Given information =>
• • • •

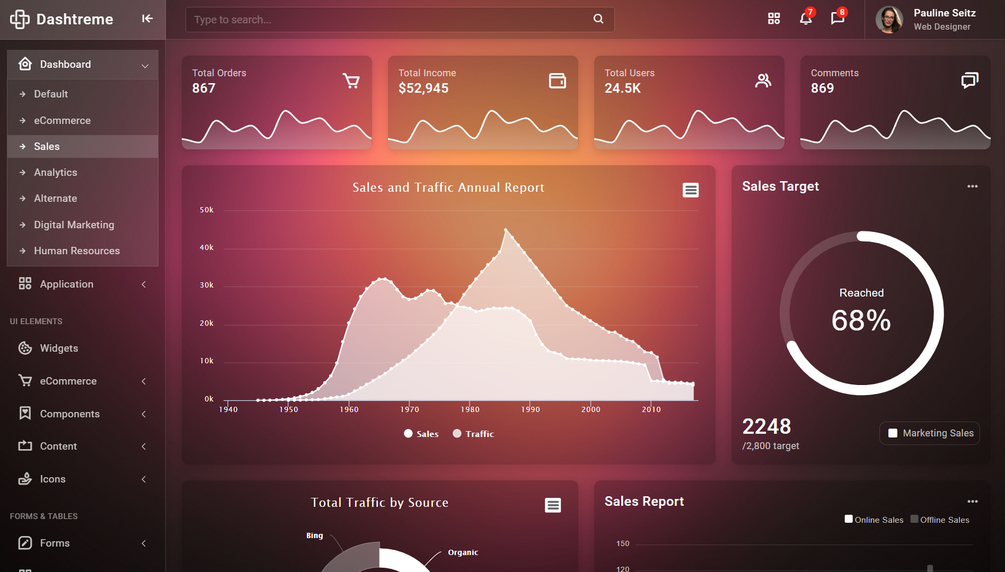Dashtreme is a fully responsive Bootstrap 5 admin dashboard template. It is built with the Bootstrap 5 frameworks, HTML5, CSS, and JQuery. It works on all major web browsers, desktops, and all smartphone devices. It is a very easy-to-customize and developer-friendly template. It has a vast collection of UI components with the latest jQuery and Bootstrap plugins. It can be used for any type of web application eCommerce dashboard, custom admin panel, project management admin, CRM, CMS, etc.
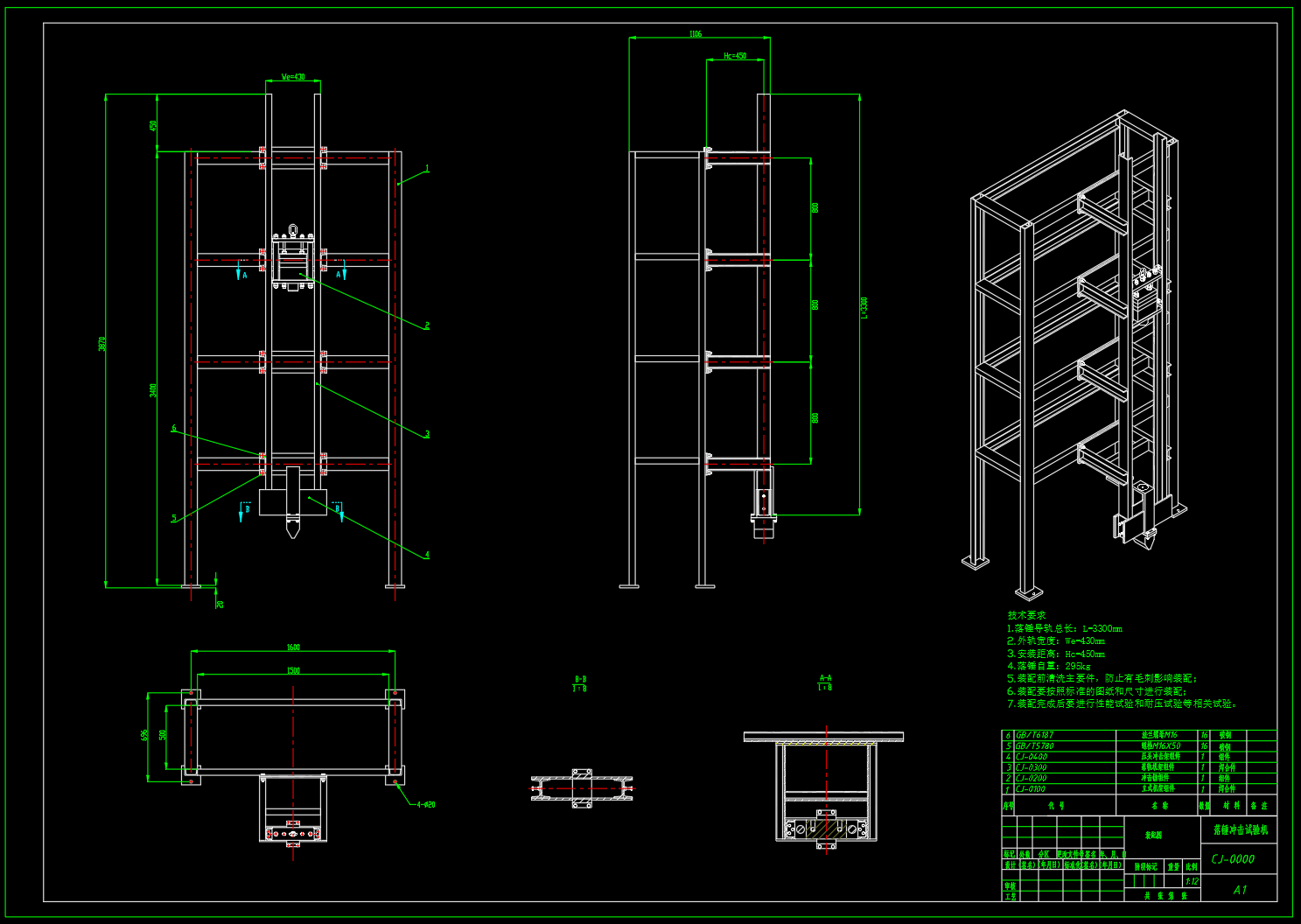 包含全部三维SW2016零部件以及装配,二维CAD(总装配图,冲击锤组件,落轨机架焊合组件)CJ001型落锤试验机是一种适用于金属材料反结构抗冲击性能测试的仪器,立式导轨架设计采用了主支架与辅助支架相结合的结构,保证了具有良好的稳定性和强度,所有支脚均采用了调节螺钉,从而方便地调节支架的垂直度。此外,整体结构均采用10号槽钢,用手工电弧焊接进行连接,使得整体性能更加可靠。基本参数:落锤导轨总长L=3300mm;外轨宽度We=430mm;落锤自重m1=295kg,安装距离Hc=450mm;
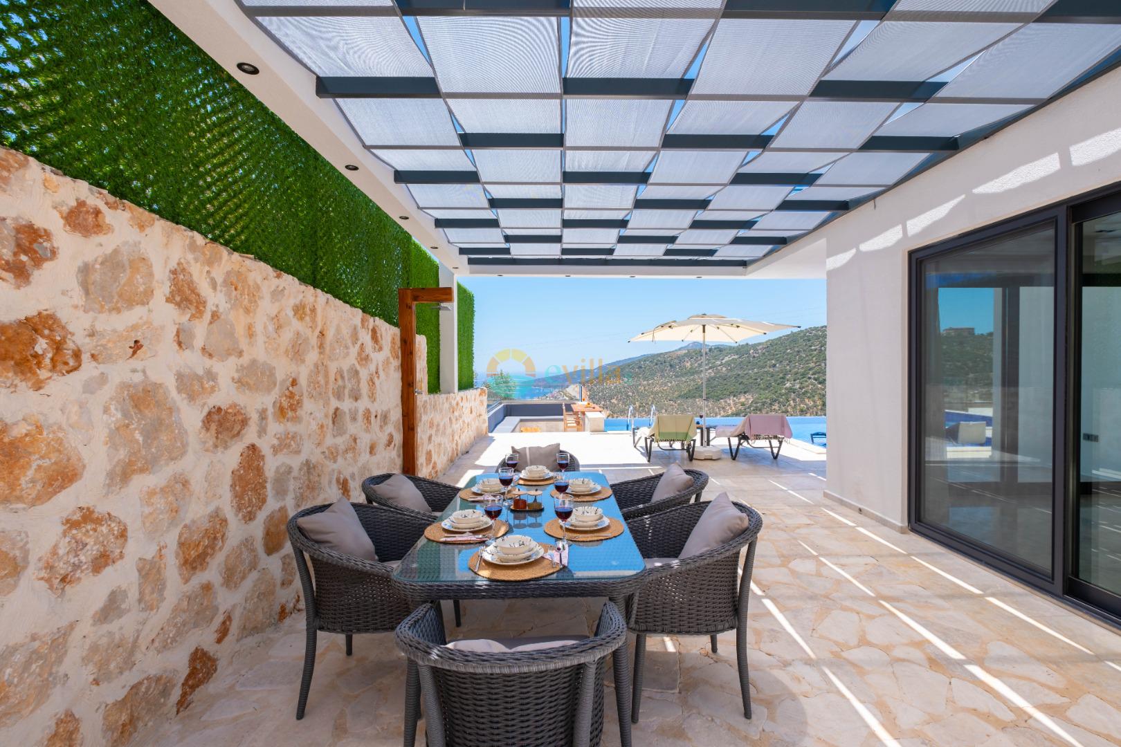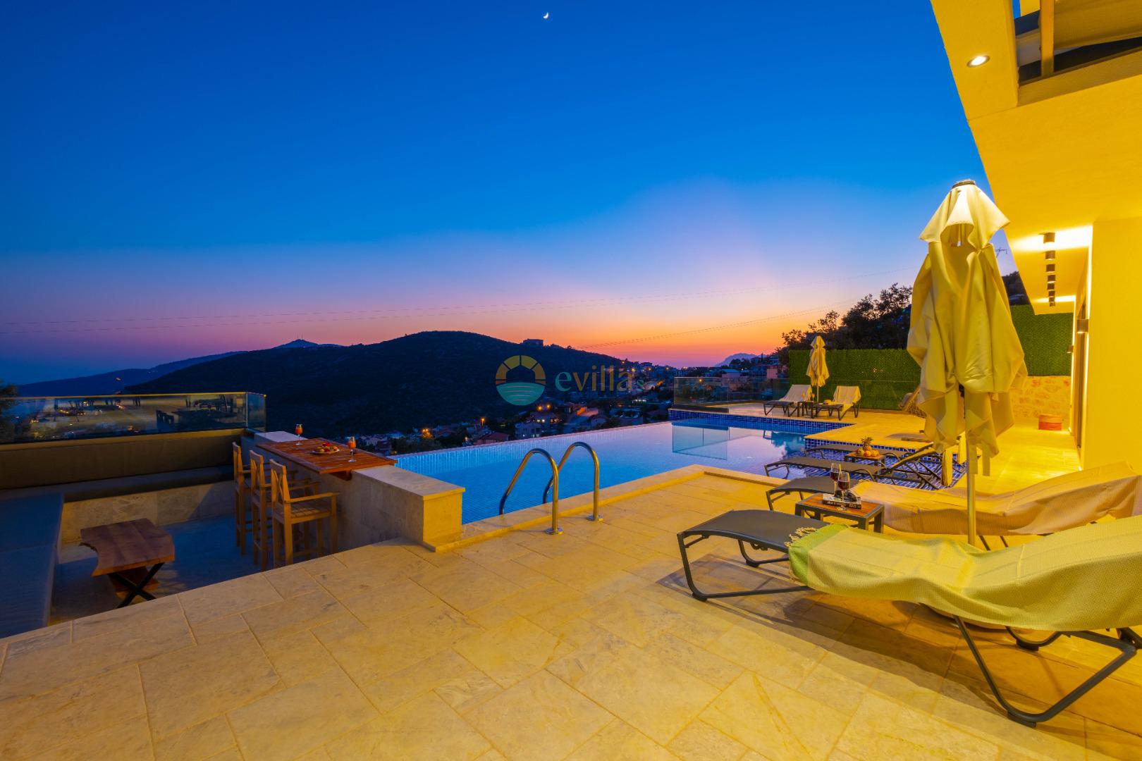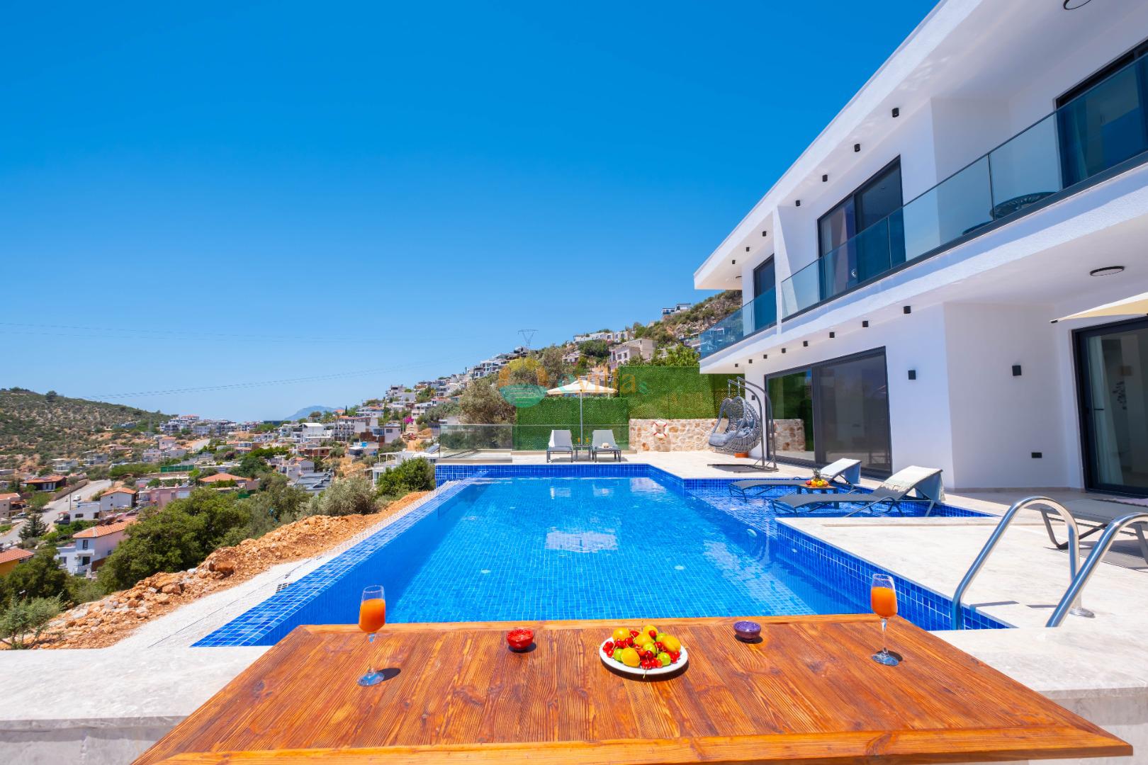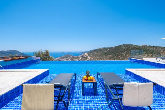 Unsere Villa ist eine Ferienvilla mit 3 Schlafzimmern und einer Kapazität von 6 Personen, gelegen in Kalkan Akbel Region, in der Natur mit einem perfekten Meerblick. Unsere Villa wurde in einer modernen und komfortablen Art und Weise entworfen und wurde für unsere Gäste bereit gemacht. Die Poolterrasse unserer Villa hat Meerblick und die Schlafzimmer verfügen über einen doppelten Jacuzzi, 2 Doppelbetten und 2 Einzelbetten. Mit ihrem privaten Swimmingpool und der Nähe zum Zentrum von Kalkan bietet Ihnen diese Villa eine ideale Urlaubsmöglichkeit.

• • • •

What you should do =>
Print the whole listing above once more, word for word, without its pictures.

Exercise result =>
Dashtreme is a fully responsive Bootstrap 5 admin dashboard template. It is built with the Bootstrap 5 frameworks, HTML5, CSS, and JQuery. It works on all major web browsers, desktops, and all smartphone devices. It is a very easy-to-customize and developer-friendly template. It has a vast collection of UI components with the latest jQuery and Bootstrap plugins. It can be used for any type of web application eCommerce dashboard, custom admin panel, project management admin, CRM, CMS, etc.
 包含全部三维SW2016零部件以及装配,二维CAD(总装配图,冲击锤组件,落轨机架焊合组件)CJ001型落锤试验机是一种适用于金属材料反结构抗冲击性能测试的仪器,立式导轨架设计采用了主支架与辅助支架相结合的结构,保证了具有良好的稳定性和强度,所有支脚均采用了调节螺钉,从而方便地调节支架的垂直度。此外,整体结构均采用10号槽钢,用手工电弧焊接进行连接,使得整体性能更加可靠。基本参数:落锤导轨总长L=3300mm;外轨宽度We=430mm;落锤自重m1=295kg,安装距离Hc=450mm;
 Unsere Villa ist eine Ferienvilla mit 3 Schlafzimmern und einer Kapazität von 6 Personen, gelegen in Kalkan Akbel Region, in der Natur mit einem perfekten Meerblick. Unsere Villa wurde in einer modernen und komfortablen Art und Weise entworfen und wurde für unsere Gäste bereit gemacht. Die Poolterrasse unserer Villa hat Meerblick und die Schlafzimmer verfügen über einen doppelten Jacuzzi, 2 Doppelbetten und 2 Einzelbetten. Mit ihrem privaten Swimmingpool und der Nähe zum Zentrum von Kalkan bietet Ihnen diese Villa eine ideale Urlaubsmöglichkeit.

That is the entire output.